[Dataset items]
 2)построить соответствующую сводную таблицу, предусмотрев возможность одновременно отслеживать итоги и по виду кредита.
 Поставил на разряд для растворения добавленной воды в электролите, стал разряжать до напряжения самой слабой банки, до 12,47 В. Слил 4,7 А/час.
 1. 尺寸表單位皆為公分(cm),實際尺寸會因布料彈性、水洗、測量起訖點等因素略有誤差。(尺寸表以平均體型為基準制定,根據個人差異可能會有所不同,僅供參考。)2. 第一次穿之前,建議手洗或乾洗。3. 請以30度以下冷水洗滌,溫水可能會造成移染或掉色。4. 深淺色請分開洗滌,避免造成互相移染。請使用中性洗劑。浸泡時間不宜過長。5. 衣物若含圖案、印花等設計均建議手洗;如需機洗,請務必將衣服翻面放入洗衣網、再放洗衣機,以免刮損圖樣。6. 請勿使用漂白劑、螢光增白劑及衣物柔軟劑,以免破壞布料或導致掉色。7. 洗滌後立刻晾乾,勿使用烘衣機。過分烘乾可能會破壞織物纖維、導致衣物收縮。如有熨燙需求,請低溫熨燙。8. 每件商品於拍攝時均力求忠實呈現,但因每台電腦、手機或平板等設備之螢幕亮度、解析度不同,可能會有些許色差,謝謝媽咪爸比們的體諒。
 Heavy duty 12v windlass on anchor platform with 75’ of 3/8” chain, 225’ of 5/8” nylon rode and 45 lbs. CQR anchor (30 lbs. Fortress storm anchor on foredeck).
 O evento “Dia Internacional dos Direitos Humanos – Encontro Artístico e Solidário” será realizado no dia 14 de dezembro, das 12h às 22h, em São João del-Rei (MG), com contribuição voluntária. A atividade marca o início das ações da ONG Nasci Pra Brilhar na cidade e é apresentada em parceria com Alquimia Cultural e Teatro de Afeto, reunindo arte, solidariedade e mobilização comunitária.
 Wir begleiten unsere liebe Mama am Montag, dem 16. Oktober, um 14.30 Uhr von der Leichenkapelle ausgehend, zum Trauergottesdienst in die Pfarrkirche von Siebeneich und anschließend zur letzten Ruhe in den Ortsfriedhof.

» WORK ITEM
Until the last line is reached, keep transcribing the data exactly.

» TASK SOLUTION
 2)построить соответствующую сводную таблицу, предусмотрев возможность одновременно отслеживать итоги и по виду кредита.
 Поставил на разряд для растворения добавленной воды в электролите, стал разряжать до напряжения самой слабой банки, до 12,47 В. Слил 4,7 А/час.
 1. 尺寸表單位皆為公分(cm),實際尺寸會因布料彈性、水洗、測量起訖點等因素略有誤差。(尺寸表以平均體型為基準制定,根據個人差異可能會有所不同,僅供參考。)2. 第一次穿之前,建議手洗或乾洗。3. 請以30度以下冷水洗滌,溫水可能會造成移染或掉色。4. 深淺色請分開洗滌,避免造成互相移染。請使用中性洗劑。浸泡時間不宜過長。5. 衣物若含圖案、印花等設計均建議手洗;如需機洗,請務必將衣服翻面放入洗衣網、再放洗衣機,以免刮損圖樣。6. 請勿使用漂白劑、螢光增白劑及衣物柔軟劑,以免破壞布料或導致掉色。7. 洗滌後立刻晾乾,勿使用烘衣機。過分烘乾可能會破壞織物纖維、導致衣物收縮。如有熨燙需求,請低溫熨燙。8. 每件商品於拍攝時均力求忠實呈現,但因每台電腦、手機或平板等設備之螢幕亮度、解析度不同,可能會有些許色差,謝謝媽咪爸比們的體諒。
 Heavy duty 12v windlass on anchor platform with 75’ of 3/8” chain, 225’ of 5/8” nylon rode and 45 lbs. CQR anchor (30 lbs. Fortress storm anchor on foredeck).
 O evento “Dia Internacional dos Direitos Humanos – Encontro Artístico e Solidário” será realizado no dia 14 de dezembro, das 12h às 22h, em São João del-Rei (MG), com contribuição voluntária. A atividade marca o início das ações da ONG Nasci Pra Brilhar na cidade e é apresentada em parceria com Alquimia Cultural e Teatro de Afeto, reunindo arte, solidariedade e mobilização comunitária.
 Wir begleiten unsere liebe Mama am Montag, dem 16. Oktober, um 14.30 Uhr von der Leichenkapelle ausgehend, zum Trauergottesdienst in die Pfarrkirche von Siebeneich und anschließend zur letzten Ruhe in den Ortsfriedhof.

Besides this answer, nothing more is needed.